Make your S3 data lake more resilient
For your AI / BI to stay up, your data lake needs to stay up
AWS data lakes, now protected
Ensure continuity for business intelligence
An air gapped and immutable mirror lake for your data
Instant recovery, even at exabyte scale
Always-on compliance for your regulated data lakes
What is an S3 data lake?
A data lake is a repository that stores large amounts of disparate and unstructured data, in a way that makes it readily available for processing and analytics. Amazon S3, part of Amazon Web Services (AWS), is one of the world’s most popular storage technologies to build data lakes.
What is the difference between an S3 data lake and a data warehouse?
Data lakes are different from data warehouses in two ways. While data lakes store unstructured data in its native format, such as images, media, objects, and files, data warehouses generally store structured data formats like databases and tables. The other key difference is that data in a data lake is generally in the customers’ custody—it resides in their account, and the customer is responsible for its protection, compliance, and security. In a data warehouse, customers usually have to migrate their data into a data warehouse provider and pay the cost of storing this additional copy. The data warehouse provider, however, takes care of the encryption and resilience of the data.
AWS has both data lake and data warehousing services, called AWS Lake Formation, and Redshift, respectively. Both approaches need data cleansing, transformation, and quality engineering for them to be useful for downstream applications such as data visualization, data integration, data modeling, and data science.
How do I set up the S3 data lake?
Just log into your AWS console, select from an available data lake solution such as AWS Lake Formation, and start ingesting data into it. The data lake will store data on S3, and you will have the responsibility to secure and backup this data.
What is the difference between data lakes and ETL?
While data lakes and ETL and both used in the context of data management and analytics, they have different use cases. ETL, or Extract, Transform, and Load, involves the extraction and aggregation of structured data from multiple sources, and then loading it into a data warehouse.
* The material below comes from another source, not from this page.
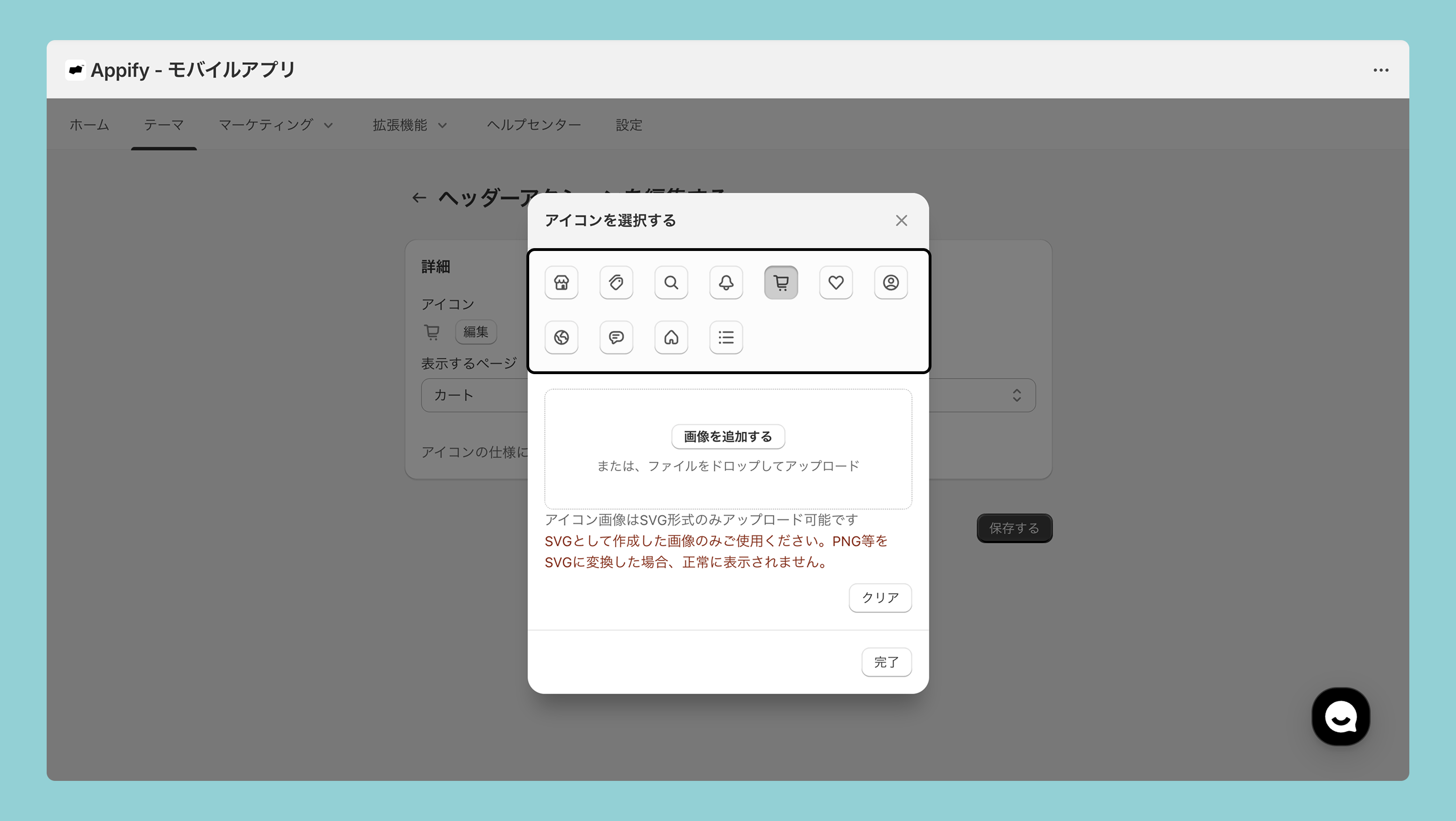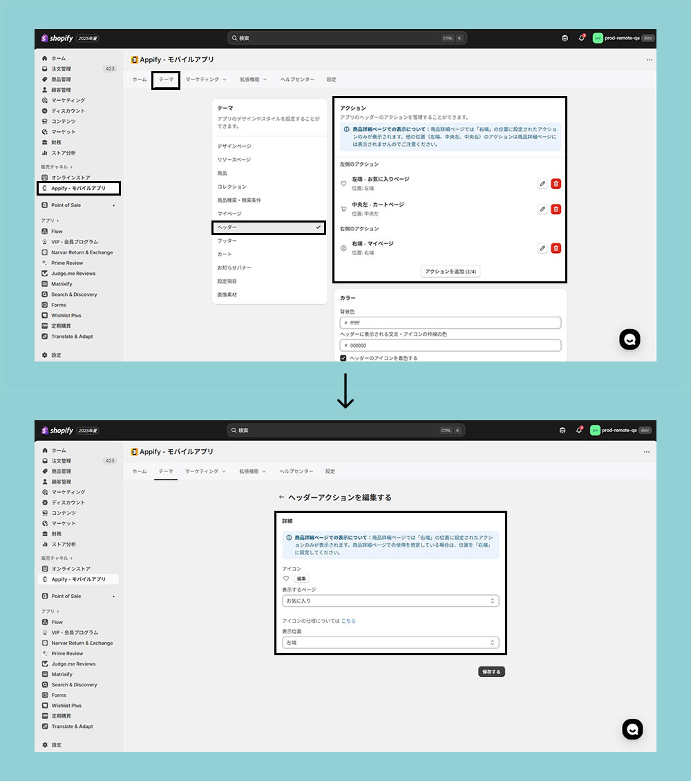 モバイルアプリ管理画面 >テーマ >ヘッダー>アクション>アクションを追加から設定が可能です。

ETL is traditionally a ‘big data’ concept. Data lakes, on the other hand, can be read directly for data analytics and data science applications. The customer always has control of the data, which significantly simplifies data architecture.
What security measures should I take to protect my S3 data lake?
Amazon S3 data lakes can be secured using access control methods, encryption, and backups. Access control helps reduce unauthorized access to the S3 data lake. This can be done using AWS IAM roles and enabling multi-factor authentication. The next layer of security is encryption.
Encryption ensures that even if there is a data leak or data breach due to failed access control, the resident data cannot be read by a third party. AWS provides key management systems (KMS).
The final line of defense for data security in data lakes is backups. Backups will ensure that even if a data lake is ransom-encrypted or deleted or wiped out, it can be recovered quickly to a last-known good point in time. Backups are also essential for data compliance with various industry regulations. It is crucial that your backups are air gapped, so even if your entire account is compromised, your critical data is still unharmed and can be recovered to a last known good point in time.
What are the costs associated with an S3 data lake?
Data lake architectures usually incur costs for storage, data pipelines, and data processing.
Why should I backup an S3 data lake?
Backups are essential for the security, resilience, and compliance of your data lake. Here are some benefits:
Protection against accidental deletion or corruption
While S3 itself is a durable service, your data on S3 is still susceptible to accidental deletions, human errors, software overwrites, or faulty data migrations. Backing up your S3 data lake ensures that no matter which of these scenarios occur, your data lake can be restored to a previous version.
In case of a mass encryption event like a ransomware attack, data lake backups can help you recover to a last known good point in time and resume operations without having to pay a ransom.
Compliance with industry regulations
If you have a data lake with sensitive data that needs to adhere to industry regulations, you may be required to maintain air gapped backups of that data. Some important regulations that mandate backups include HIPAA in healthcare, and PCI-DSS in finance. Backing up your S3 data lake ensures data compliance with these regulations.
In the event of a regional failure or outage, having a backup of your S3 data lake can be critical for disaster recovery. While most customers use a secondary site that replicates their data for DR scenarios, doing so for data lakes can incur exorbitant costs. Therefore, if your data lake use case can withstand a few hours of downtime, backups can be a cost-effective approach for recovering data lakes from outages.
Data lake backups also enable historical data analysis, trend lines, and metrics on security, performance, and usage across a wide range of time.